[Start of section]

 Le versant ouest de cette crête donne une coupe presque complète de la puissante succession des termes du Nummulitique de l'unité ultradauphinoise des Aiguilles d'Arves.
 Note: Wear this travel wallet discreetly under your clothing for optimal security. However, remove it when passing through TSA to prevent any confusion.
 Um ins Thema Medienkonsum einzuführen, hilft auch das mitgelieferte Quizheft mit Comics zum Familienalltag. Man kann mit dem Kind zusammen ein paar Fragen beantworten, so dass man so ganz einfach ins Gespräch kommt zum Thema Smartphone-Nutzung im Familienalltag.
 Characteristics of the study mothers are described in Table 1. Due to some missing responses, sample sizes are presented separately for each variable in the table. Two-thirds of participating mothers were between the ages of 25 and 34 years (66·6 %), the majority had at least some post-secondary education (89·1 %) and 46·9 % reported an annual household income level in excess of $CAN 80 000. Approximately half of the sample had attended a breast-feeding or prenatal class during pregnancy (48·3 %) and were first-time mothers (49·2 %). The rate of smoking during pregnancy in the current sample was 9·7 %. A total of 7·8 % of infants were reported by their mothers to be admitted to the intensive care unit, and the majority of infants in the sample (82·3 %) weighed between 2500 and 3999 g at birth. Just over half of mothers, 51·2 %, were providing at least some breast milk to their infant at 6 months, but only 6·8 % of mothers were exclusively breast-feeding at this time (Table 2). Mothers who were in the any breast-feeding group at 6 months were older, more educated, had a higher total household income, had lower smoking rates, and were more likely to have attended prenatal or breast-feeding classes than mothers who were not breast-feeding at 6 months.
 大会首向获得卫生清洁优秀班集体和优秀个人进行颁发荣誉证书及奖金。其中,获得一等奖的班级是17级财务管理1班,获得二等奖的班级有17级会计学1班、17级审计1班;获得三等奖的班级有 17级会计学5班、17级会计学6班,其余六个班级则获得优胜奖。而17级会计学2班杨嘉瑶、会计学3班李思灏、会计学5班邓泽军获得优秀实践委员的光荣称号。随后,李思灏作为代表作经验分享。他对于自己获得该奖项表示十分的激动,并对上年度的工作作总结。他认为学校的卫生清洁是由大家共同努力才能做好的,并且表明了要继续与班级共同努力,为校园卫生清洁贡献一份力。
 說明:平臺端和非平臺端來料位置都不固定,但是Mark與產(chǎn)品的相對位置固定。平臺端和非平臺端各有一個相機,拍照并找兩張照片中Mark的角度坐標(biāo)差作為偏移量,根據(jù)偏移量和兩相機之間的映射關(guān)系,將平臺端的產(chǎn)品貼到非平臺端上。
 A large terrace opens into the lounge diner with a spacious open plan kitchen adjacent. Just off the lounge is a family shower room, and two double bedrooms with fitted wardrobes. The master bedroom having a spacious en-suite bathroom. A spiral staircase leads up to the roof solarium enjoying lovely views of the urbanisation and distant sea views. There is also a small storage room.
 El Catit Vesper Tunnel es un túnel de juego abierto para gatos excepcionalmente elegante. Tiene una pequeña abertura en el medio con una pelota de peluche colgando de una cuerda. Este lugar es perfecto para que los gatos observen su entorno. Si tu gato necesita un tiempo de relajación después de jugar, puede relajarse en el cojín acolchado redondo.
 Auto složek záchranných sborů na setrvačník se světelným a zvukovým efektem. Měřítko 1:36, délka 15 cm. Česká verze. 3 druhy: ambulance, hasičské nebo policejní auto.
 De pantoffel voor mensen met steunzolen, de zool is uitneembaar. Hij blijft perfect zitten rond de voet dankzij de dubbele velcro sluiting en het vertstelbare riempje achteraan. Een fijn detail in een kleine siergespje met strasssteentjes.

[End of section]

(Work item)
An exact copy of all the entries above is what is needed.

(Solution below)
 Le versant ouest de cette crête donne une coupe presque complète de la puissante succession des termes du Nummulitique de l'unité ultradauphinoise des Aiguilles d'Arves.
 Note: Wear this travel wallet discreetly under your clothing for optimal security. However, remove it when passing through TSA to prevent any confusion.
 Um ins Thema Medienkonsum einzuführen, hilft auch das mitgelieferte Quizheft mit Comics zum Familienalltag. Man kann mit dem Kind zusammen ein paar Fragen beantworten, so dass man so ganz einfach ins Gespräch kommt zum Thema Smartphone-Nutzung im Familienalltag.
 Characteristics of the study mothers are described in Table 1. Due to some missing responses, sample sizes are presented separately for each variable in the table. Two-thirds of participating mothers were between the ages of 25 and 34 years (66·6 %), the majority had at least some post-secondary education (89·1 %) and 46·9 % reported an annual household income level in excess of $CAN 80 000. Approximately half of the sample had attended a breast-feeding or prenatal class during pregnancy (48·3 %) and were first-time mothers (49·2 %). The rate of smoking during pregnancy in the current sample was 9·7 %. A total of 7·8 % of infants were reported by their mothers to be admitted to the intensive care unit, and the majority of infants in the sample (82·3 %) weighed between 2500 and 3999 g at birth. Just over half of mothers, 51·2 %, were providing at least some breast milk to their infant at 6 months, but only 6·8 % of mothers were exclusively breast-feeding at this time (Table 2). Mothers who were in the any breast-feeding group at 6 months were older, more educated, had a higher total household income, had lower smoking rates, and were more likely to have attended prenatal or breast-feeding classes than mothers who were not breast-feeding at 6 months.
 大会首向获得卫生清洁优秀班集体和优秀个人进行颁发荣誉证书及奖金。其中,获得一等奖的班级是17级财务管理1班,获得二等奖的班级有17级会计学1班、17级审计1班;获得三等奖的班级有 17级会计学5班、17级会计学6班,其余六个班级则获得优胜奖。而17级会计学2班杨嘉瑶、会计学3班李思灏、会计学5班邓泽军获得优秀实践委员的光荣称号。随后,李思灏作为代表作经验分享。他对于自己获得该奖项表示十分的激动,并对上年度的工作作总结。他认为学校的卫生清洁是由大家共同努力才能做好的,并且表明了要继续与班级共同努力,为校园卫生清洁贡献一份力。
 說明:平臺端和非平臺端來料位置都不固定,但是Mark與產(chǎn)品的相對位置固定。平臺端和非平臺端各有一個相機,拍照并找兩張照片中Mark的角度坐標(biāo)差作為偏移量,根據(jù)偏移量和兩相機之間的映射關(guān)系,將平臺端的產(chǎn)品貼到非平臺端上。
 A large terrace opens into the lounge diner with a spacious open plan kitchen adjacent. Just off the lounge is a family shower room, and two double bedrooms with fitted wardrobes. The master bedroom having a spacious en-suite bathroom. A spiral staircase leads up to the roof solarium enjoying lovely views of the urbanisation and distant sea views. There is also a small storage room.
 El Catit Vesper Tunnel es un túnel de juego abierto para gatos excepcionalmente elegante. Tiene una pequeña abertura en el medio con una pelota de peluche colgando de una cuerda. Este lugar es perfecto para que los gatos observen su entorno. Si tu gato necesita un tiempo de relajación después de jugar, puede relajarse en el cojín acolchado redondo.
 Auto složek záchranných sborů na setrvačník se světelným a zvukovým efektem. Měřítko 1:36, délka 15 cm. Česká verze. 3 druhy: ambulance, hasičské nebo policejní auto.
 De pantoffel voor mensen met steunzolen, de zool is uitneembaar. Hij blijft perfect zitten rond de voet dankzij de dubbele velcro sluiting en het vertstelbare riempje achteraan. Een fijn detail in een kleine siergespje met strasssteentjes.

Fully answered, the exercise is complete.